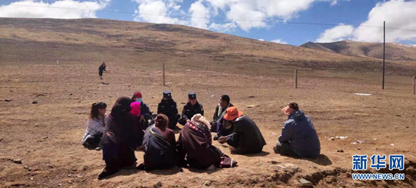 在青海省果洛藏族自治州瑪沁縣優(yōu)云鄉(xiāng),糾紛調(diào)解工作組的多杰扎西(后排穿警服右)、仁青卓瑪(后排穿警服左)和牧民們席地而坐,了解矛盾的詳細情況(4月18日攝)。
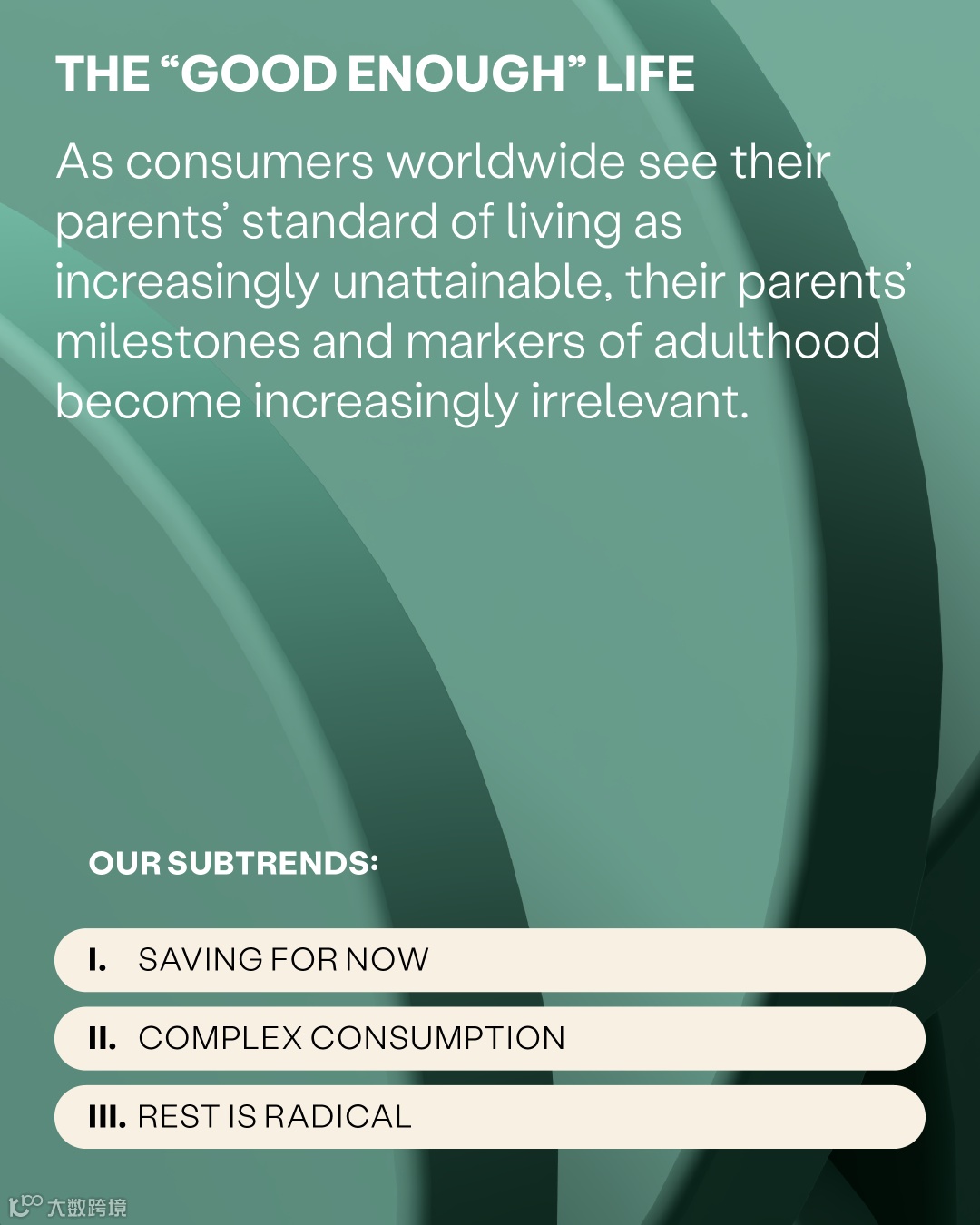 Across generations and markets, we see consumers redefining what they want in life, what counts as ‘aspirational’ and what constitutes ‘success’ on a planet in crisis. Within these trends we see three subtrends to unpack.
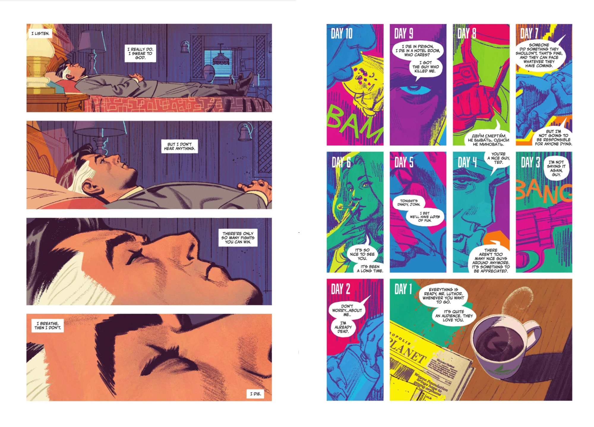 Tom King’s riff on the 1949 classic Film Noir whodunnit D.O.A. delivers an ingenious puzzle that shuffles the pieces back and forth between scenes of past and present. Chance’s backstory is interwoven with the stories of the people he questions in his attempt to find out who is responsible for his impending death, and Greg Smallwood’s beautifully retro-flavoured design and illustration techniques deliver stylish and intricate compositions that are strong on character and interpersonal relationships. Every chapter examines a different member of the JLI, designed with a unique twist illuminating their particular power and personality. The inventive ways their quirks and styles are explored are brilliantly playful and intriguing. And like the best Noir films, the mixture of greed, pride, human fallibility, doomed romance and surreal plot devices adds up to well-realised misdirection as the mystery only deepens the longer the story goes on. But with each day Chance gets weaker and less capable as his body begins to fail. Is he going to die before he uncovers the identity of his killer?
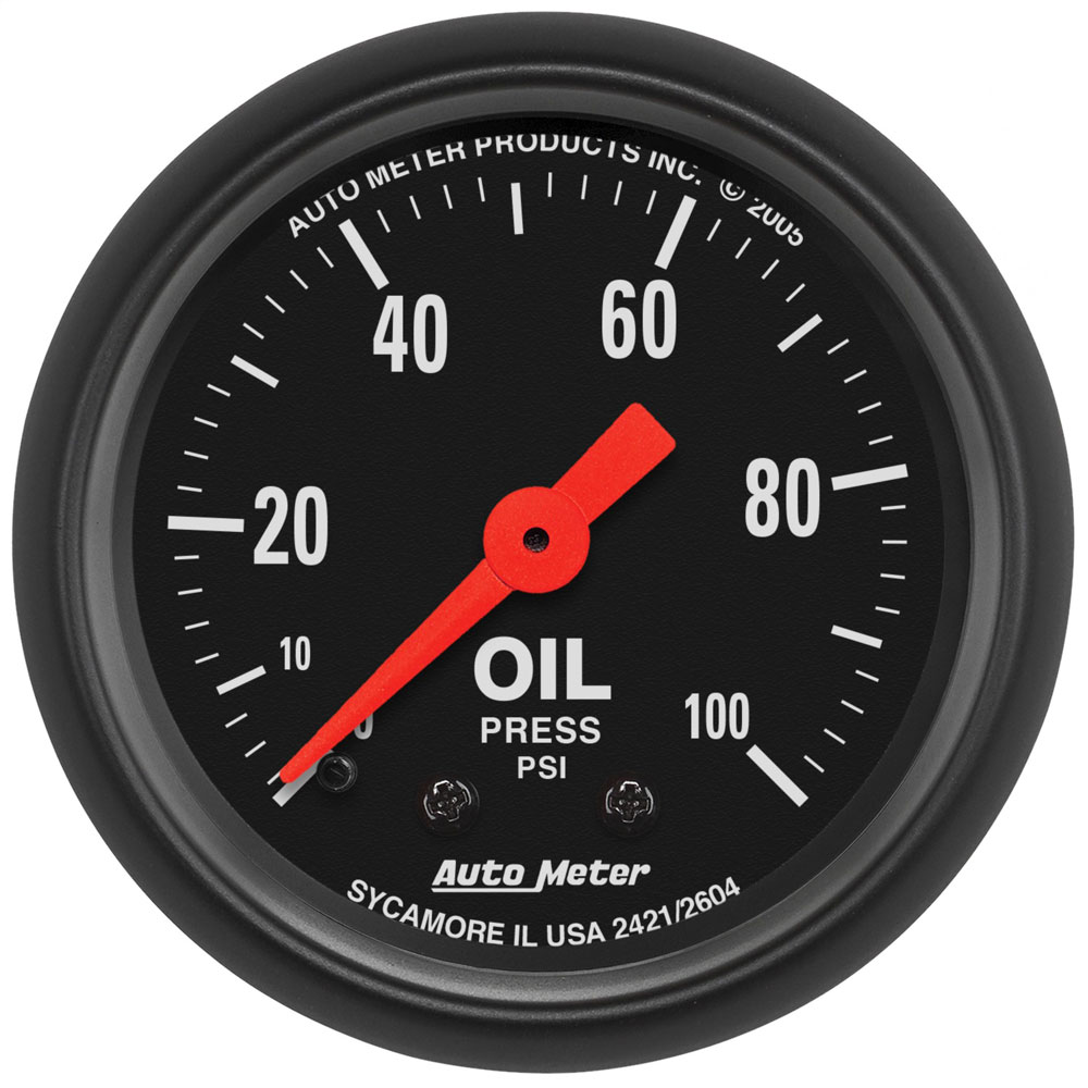 Auto Meter Engine Oil Pressure Gauge 2604; Z Series Oil Pressure 0 to 100 PSI 2-1/16 in. Full Mechanical

**ABOUT THIS TASK**
Exact repeats of the lines from the first one in the data through the line containing "Across generations and" make up the answer. Pictures do not.

**ANSWER TO THIS EXERCISE**
 在青海省果洛藏族自治州瑪沁縣優(yōu)云鄉(xiāng),糾紛調(diào)解工作組的多杰扎西(后排穿警服右)、仁青卓瑪(后排穿警服左)和牧民們席地而坐,了解矛盾的詳細情況(4月18日攝)。
 Across generations and markets, we see consumers redefining what they want in life, what counts as ‘aspirational’ and what constitutes ‘success’ on a planet in crisis. Within these trends we see three subtrends to unpack.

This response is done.